My most disastrous experience happened when I first rejoined Library Services at Education Service Center Region X. I was training for the Texas Library Connection and was demonstrating how to use a government document search. Somehow my fingers did not type in a “g” but a “l” and on our large training screens appeared a LOVE CHAT ROOM. I turned red, my fellow librarians laughed and we discussed how this could happen to anyone and how to handle it.  When I do presentations now, all websites are bookmarked on my computer or saved to a disk before I begin the session. 

  My funniest experience has been the repeating of certain phrases as I train using media. The main words I seem to repeat over and over are:

  1. Most of the time…. . 

  2. It usually works…. . …

  3. It should be a quick search…. . 

  4. It is somewhat dependable…. . 

I sound like I did when our three daughters were small and would perform in public- just the opposite of how they acted in private. 

My finest success was the summer that several librarians in Region 10 joined in a week-long workshop. Web page development was to be a simple two-day section. The librarians became so excited over the similarity of MARC and HTML (each code is so concrete) that we spent the whole week creating their own library web pages. I spent my evenings just staying ahead of their needs. To work one week with librarians who wanted to push that mark and learn how to have creative sites for student use was a perfect joy to me. 

From Juanell Marks

In the category of innovative: I was to do a training class, but all the participants had their backs to me because they were facing their monitors that were facing me. I could see the screens but not the participants. I made name badges for everybody and stuck them on their backs so I would know who I was talking to and they would know as well when I called their names. I also used my laser pointer to point out things on their screens from behind them. This setup was different but it worked. We had a good time with it. We had to make sure we removed all the name badges from each other’s backs so we didn’t go in public wearing them. 

In the category of funniest experience: I had gone through my introduction and was beginning to demonstrate one of our online databases. I was moving the mouse when the top button just flew off my suit coat. The buttons on that coat were fairly large so when it fell, it made a noise and everybody heard it. Some saw it fall. I said, "Oops”; picked it up, put it in my pocket and went on with the training.  A little later, my second button flew off and hit the floor with a ping. I couldn’t believe it. I bent down and picked it up and said, “Well, I’m just so proud to be here, I’m popping all the buttons off my coat. ”We all had a good laugh. 

In the category of finest experience: I was new on the job. I was training on computers. This was my first training. I was scared and had stayed up all night long preparing and studying. When I arrived at the training site, the room was huge. About 100 people had been expected. I got set up and was ready; I even had a remote microphone. I was so keyed up. I went through the training with flying colors and when I was through, the audience gave me a standing ovation. I almost started crying.  No one in that room had any idea how much that standing ovation meant to me. I haven’t gotten a standing ovation since, but I will never forget it. It reminds me that I can never put too much effort into preparing for a training class. Hard work does pay off!
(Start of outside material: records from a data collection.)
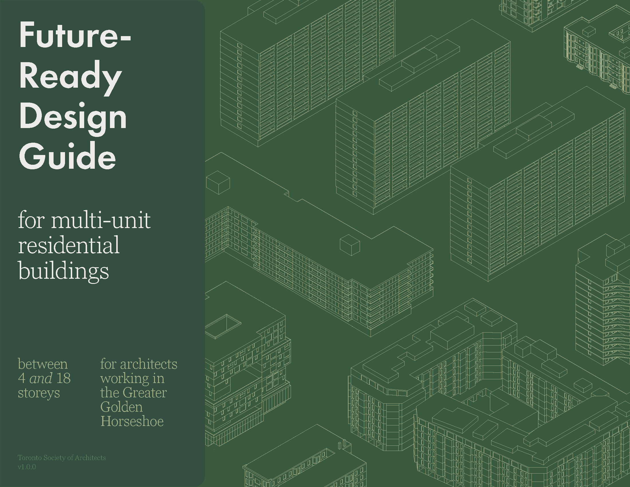 The Future-Ready Design Guide (FRDG) for Multi-Unit Residential Buildings (MURBs) is a new, free resource developed by the Toronto Society of Architects (TSA) and funded by The Atmospheric Fund (TAF) that provides designers with holistic, actionable insights for early-stage housing design (when design decisions are most impactful). Bringing together the insight of over 240 resources and tailored to multi-unit residential buildings between 4 and 18 storeys, it is the first guide of its kind that focuses specifically on the Greater Golden Horseshoe region and its unique challenges and opportunities.
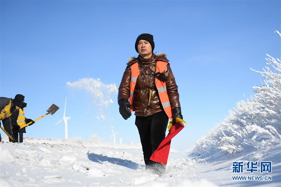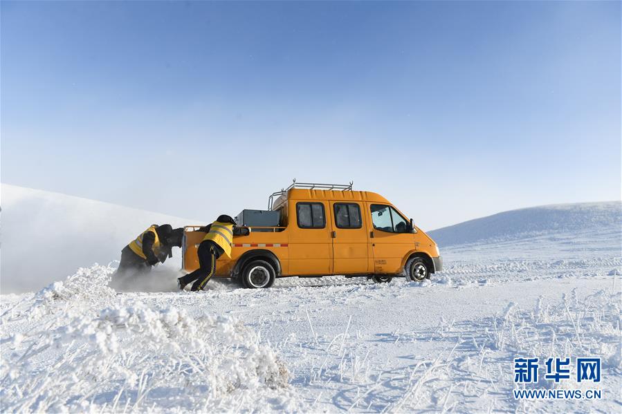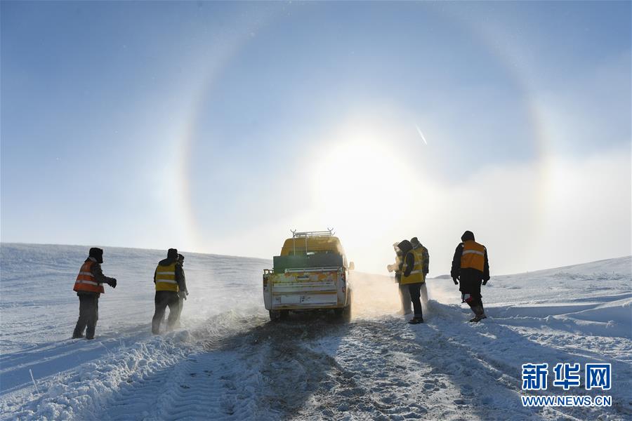 1月13日,車輛在途中打滑,白音庫倫綜合維修車間的職工們查看路況。新華社記者劉磊攝
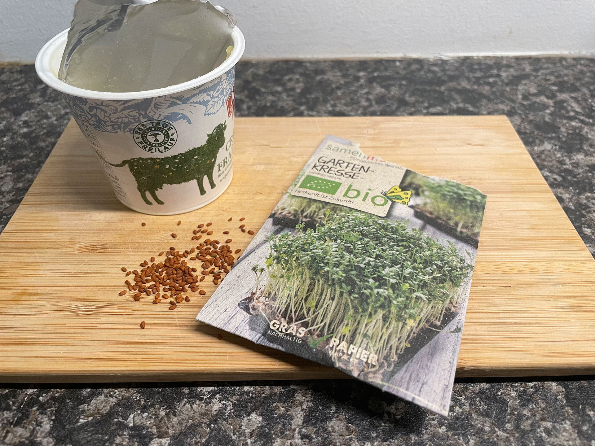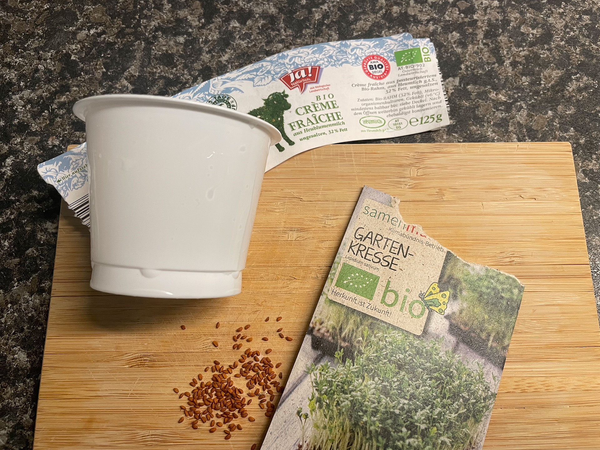 Ein leerer Joghurtbecher (oder auch jeder andere Becher, von Sauerrahm, Creme fraiche etc.) kann direkt in den Mistkübel wandern, oder noch ein zweites Leben bekommen und so einen etwas kleineren ökologischen Fußabdruck hinterlassen. Als Anzuchtbecher im Frühjahr sind solche Becher ja weithin bekannt. Ihr könnt aber auch in anderen Jahreszeiten etwas in die Becher anpflanzen. Für kleine Kräuter in der Küche eignen sie sich perfekt.
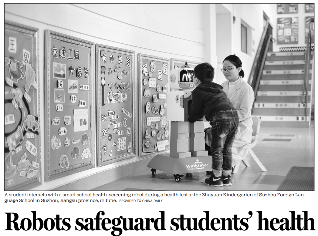 蘇州沃柯雷克晨檢機器人正在被全球媒體聚焦。7月13日,《中國日報》以《Robots safeguard students' health》為題,主版頭條刊發了對沃柯雷克晨檢機器人助力復學的報道。這也是繼3月23日中國日報國際版刊發對沃柯雷克晨檢機器人助力中國校園防疫復學的報道后,官方媒體再度“點名”沃柯雷克晨檢機器人。
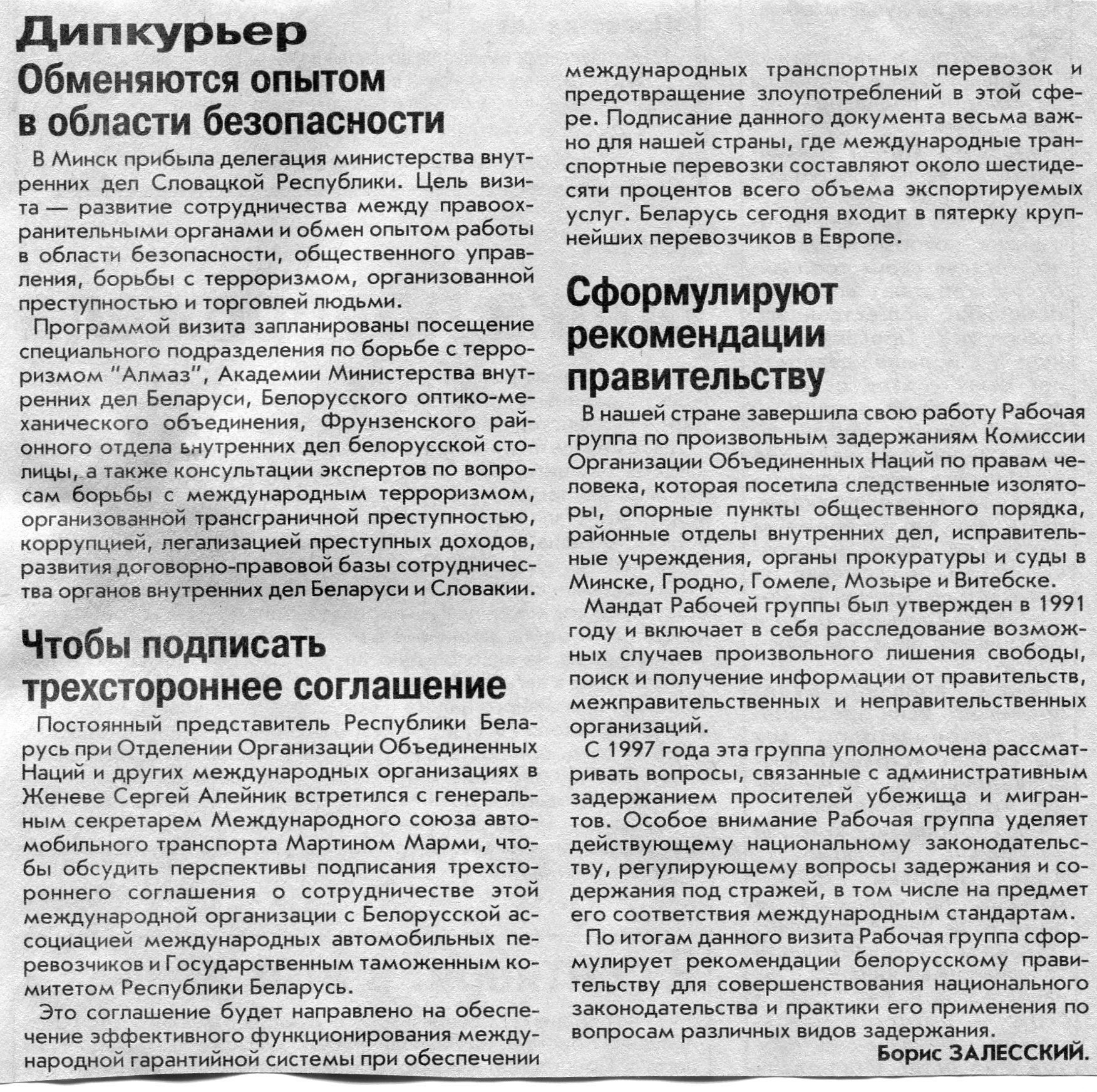 Залесский, Б. Обменяются опытом в области безопасности / Б. Залесский // Вечерний Минск. - 2004. - 2 сент.
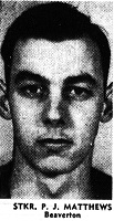 MATTHEWS, Paul Joseph, Sto 1c, V56844, RCNVR, MPK - 18 Mar 1945, HMCS GUYSBOROUGH - Son of James and Hazel Matthews, of Oshawa, Ontario; husband of Ruby Kathleen Matthews, of Beaverton, Ontario.
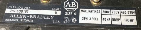 Allen-Bradley 709-E0D103 Motor Starter NEMA Size 4 Series K
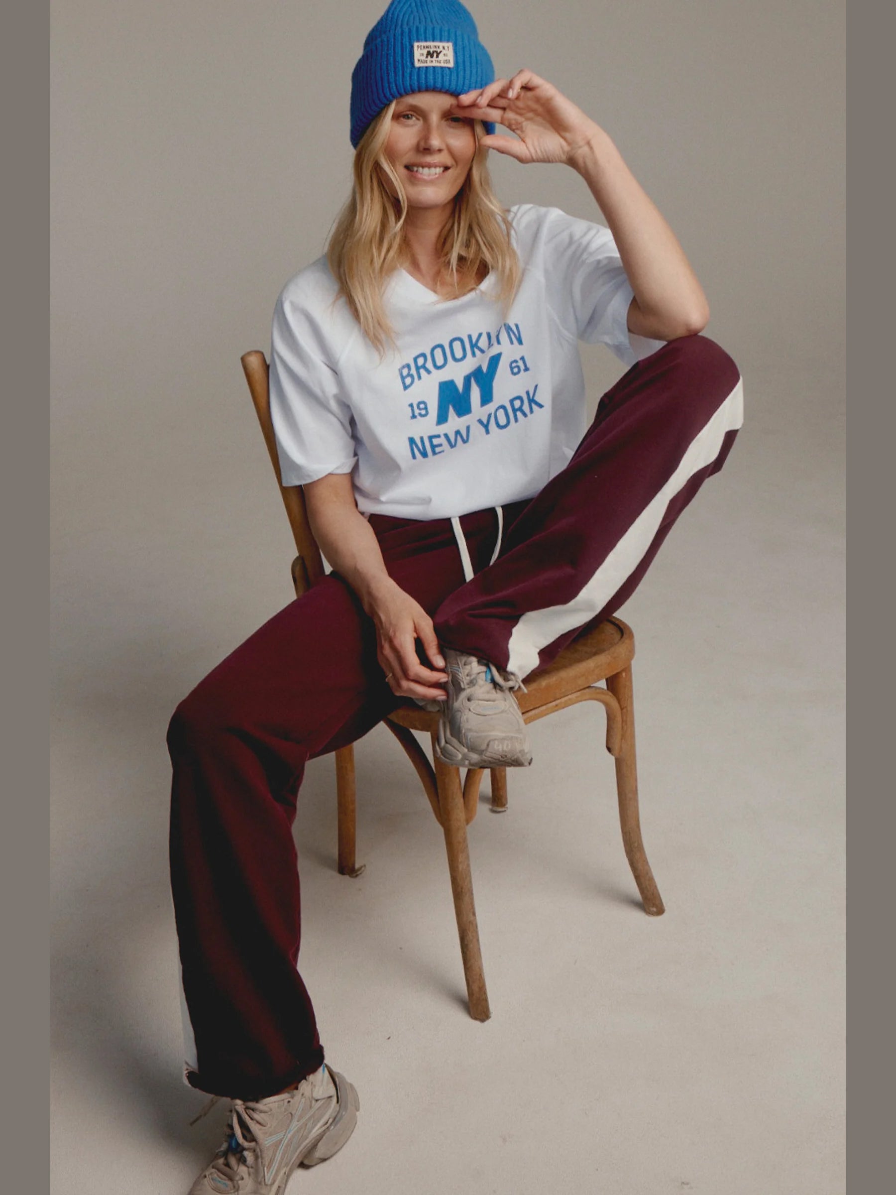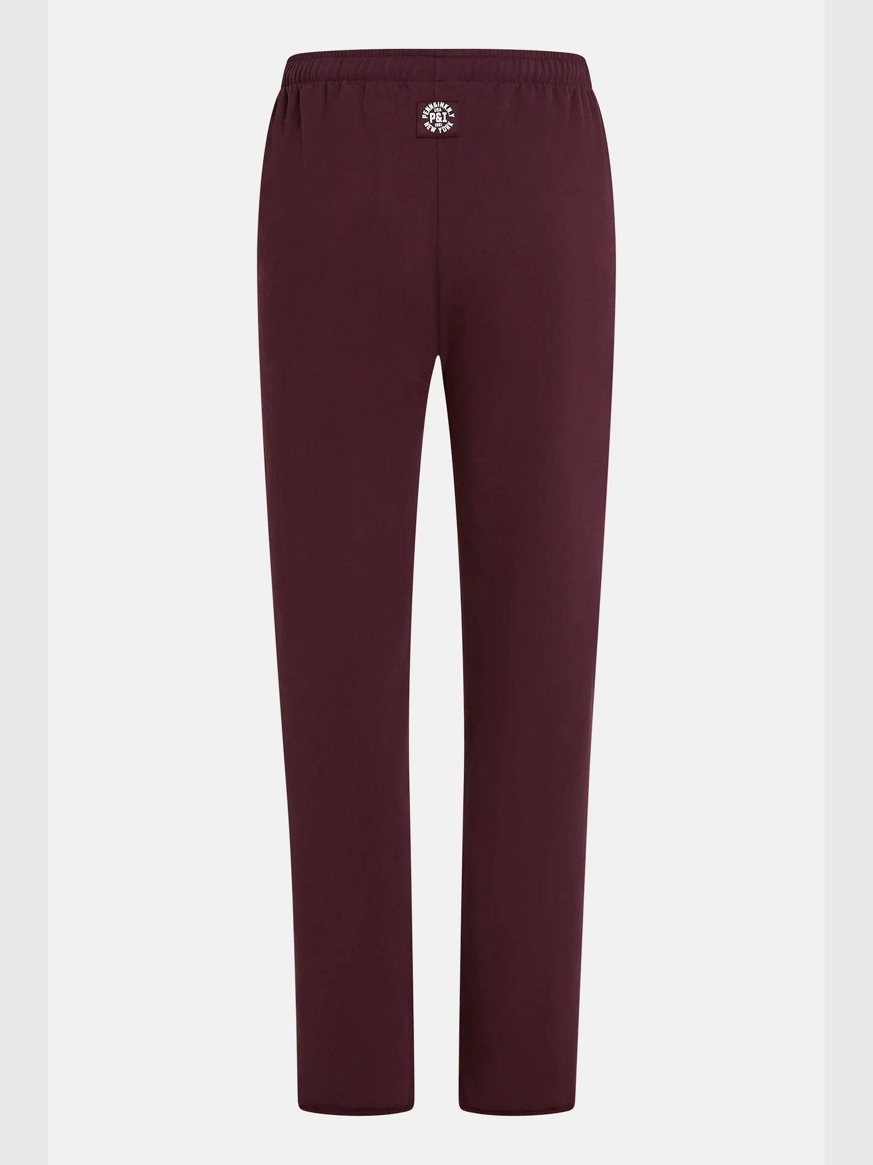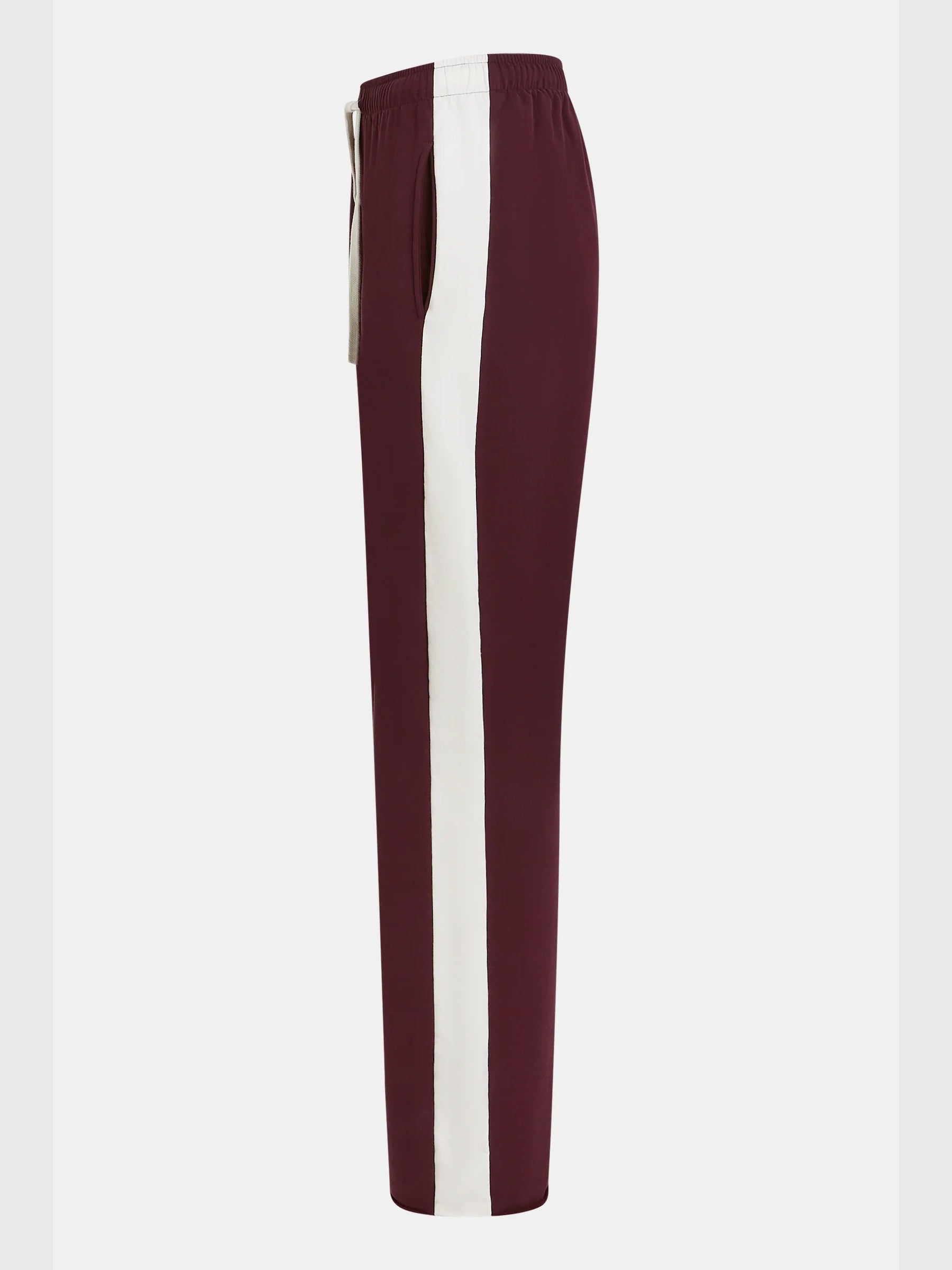 Veredeln Sie Ihre Freizeitgarderobe mit dieser locker sitzenden Hose in Aubergine, die mit kontrastierenden ecrufarbenen Seitenstreifen für einen sportlich-schicken Look sorgt. Mit ihrem elastischen Bund und Kordelzugverschluss bietet sie den ganzen Tag über Tragekomfort und sorgt gleichzeitig für einen lässigen, modernen Stil.

In the category of most disastrous experience: I was supposed to give a demonstration of one of our online databases at a conference. Two librarians from different locations were serving as coordinators of the event. Since I was one of the presenters, they asked me about my equipment needs. I sent them a memo outlining what I needed and communicated with them several times via email. Each one had assured me that they would have an LCD projector and computer set up for me with a phone line to the Internet. I had it in writing!

I arrived two hours early and went to check out the designated room. It was not what I had envisioned. The room was huge and vacant. The chairs were stacked in the corner of the room and nothing was set up. I went to find the two librarians who had promised me help. When I finally found them, each one told me they thought the other one had taken care of the equipment for me. It seems they had not been communicating with each other about who was doing what and somehow each one thought the other was taking care of me. NOT!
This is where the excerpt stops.